Material provided:
☆ ☆ ☆

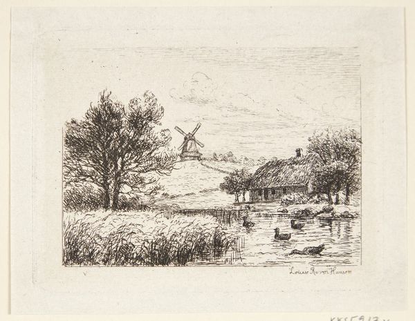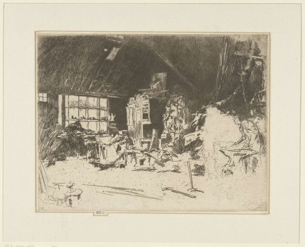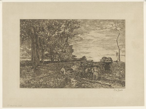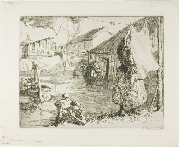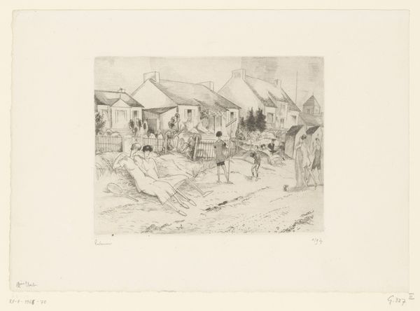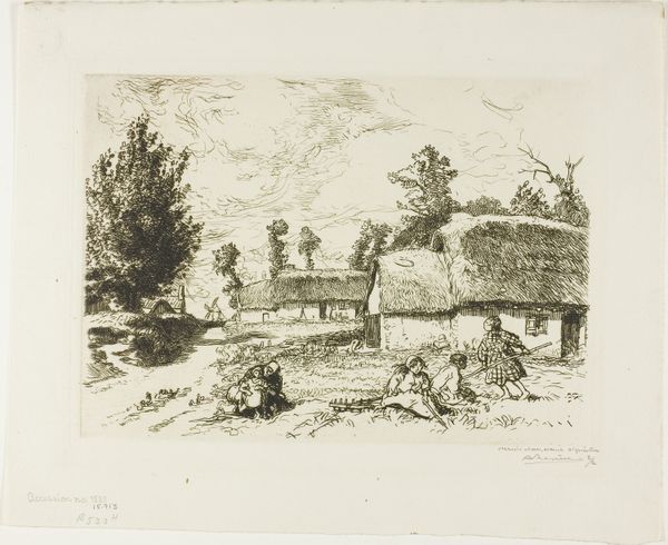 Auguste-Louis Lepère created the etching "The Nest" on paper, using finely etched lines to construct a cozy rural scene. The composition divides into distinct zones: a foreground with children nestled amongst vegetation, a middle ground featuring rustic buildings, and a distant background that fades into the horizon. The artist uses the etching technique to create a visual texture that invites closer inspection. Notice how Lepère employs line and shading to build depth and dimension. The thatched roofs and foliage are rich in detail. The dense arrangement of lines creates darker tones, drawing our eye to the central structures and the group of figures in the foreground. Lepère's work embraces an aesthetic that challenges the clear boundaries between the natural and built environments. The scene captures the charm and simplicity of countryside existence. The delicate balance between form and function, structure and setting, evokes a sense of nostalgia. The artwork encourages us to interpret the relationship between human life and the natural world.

☆ ☆ ☆

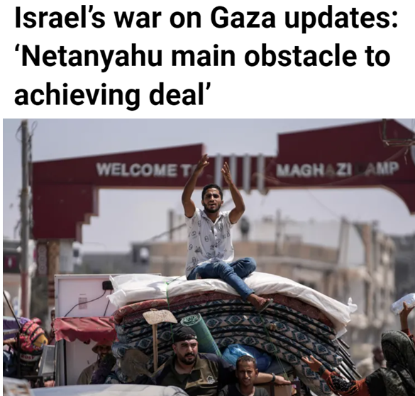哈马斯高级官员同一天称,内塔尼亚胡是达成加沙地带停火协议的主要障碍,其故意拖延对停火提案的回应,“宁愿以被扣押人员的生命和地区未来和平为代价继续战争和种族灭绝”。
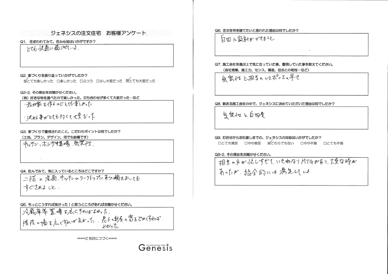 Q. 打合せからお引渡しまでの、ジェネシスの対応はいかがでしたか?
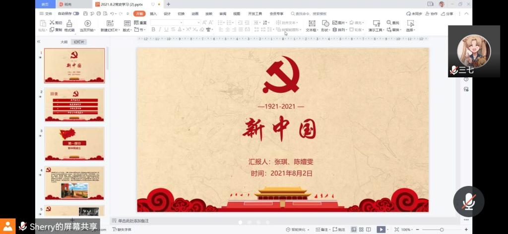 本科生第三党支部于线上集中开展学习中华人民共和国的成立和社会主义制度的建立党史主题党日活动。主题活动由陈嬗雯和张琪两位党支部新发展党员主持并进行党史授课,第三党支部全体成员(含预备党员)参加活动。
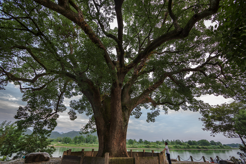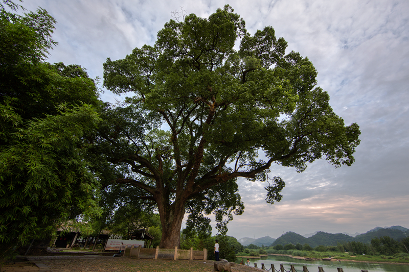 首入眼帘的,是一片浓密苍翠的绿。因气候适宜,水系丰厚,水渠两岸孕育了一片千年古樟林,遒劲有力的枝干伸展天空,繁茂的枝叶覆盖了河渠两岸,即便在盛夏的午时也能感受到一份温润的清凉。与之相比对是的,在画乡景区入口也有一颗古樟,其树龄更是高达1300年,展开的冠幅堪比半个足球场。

☆ ☆ ☆

Exercise directions:
Repeat exactly, and only, the entries from the line with "本科生第三党支部于线上集中开" through the line with "首入眼帘的,是一片浓密苍翠的". Pictures are skipped.

Completed exercise:
 本科生第三党支部于线上集中开展学习中华人民共和国的成立和社会主义制度的建立党史主题党日活动。主题活动由陈嬗雯和张琪两位党支部新发展党员主持并进行党史授课,第三党支部全体成员(含预备党员)参加活动。
 首入眼帘的,是一片浓密苍翠的绿。因气候适宜,水系丰厚,水渠两岸孕育了一片千年古樟林,遒劲有力的枝干伸展天空,繁茂的枝叶覆盖了河渠两岸,即便在盛夏的午时也能感受到一份温润的清凉。与之相比对是的,在画乡景区入口也有一颗古樟,其树龄更是高达1300年,展开的冠幅堪比半个足球场。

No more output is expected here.